In both types of diabetes, nitric oxide has a low local level, causes nerve ischemia and inhibits vasodilation. This process takes place in two main phases in the type I diabetes. Within the early stages, nitric oxide synthase expression in nitrergic axons declines. Insulin treatment can be able to reverse the process. In the second phase, the neurons lose their nitric oxide synthase content and thereafter suffer apoptotic degenerative changes. These are irreversible. Nitric oxide derived from endothelial nitric oxide synthase is produced in smaller quantities and this causes a tonic vasodilator effect which plays an important role in the maintenance of nerve vascular tonus.

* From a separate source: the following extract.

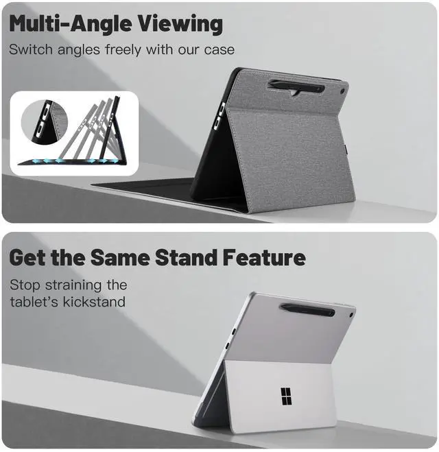 Any-Angle Freedom Stand: Effortlessly transition between laptop, studio, and tablet modes - more versatile than standard surface pro 12 case. Perfect for work presentations, creative sketching, or media viewing. Our reinforced stand mechanism securely holds your device in any position while protecting the tablet's built-in kickstand
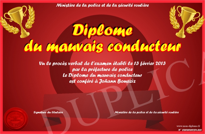 Envoyez par email votre Diplôme du mauvais conducteur personalisé

It is presumed that nitric oxide derived from neuronal nitric oxide synthase is able to contribute more to the blood pressure regulation than nitric oxide derived from endothelial nitric oxide synthase.
Analysis of tissues and arteries in type I and type II diabetic patients indicates both increases and decreases in the expression of endothelial nitric oxide synthase. In order to get a full picture of nitric oxide and its involvement in diabetic Polyneuropathy, you should consider the red blood cells because they carry a major deposit for nitric oxide. The red blood cells play a critical role in ensuring the generation and scavenging of nitric oxide is maintained within a normal balance. This determines the local bioavailability of nitric oxide and also influences vasomotor control.
Nitric oxide is therefore important in the regulation of diabetes mellitus. It ensures that blood flows efficiently and the smooth muscle cells relax adequately so as to allow as much blood as possible to flow through the vessels.
Add relief of diabetic neuropathy to the seemingly never-ending list of benefits of nitric oxide supplements.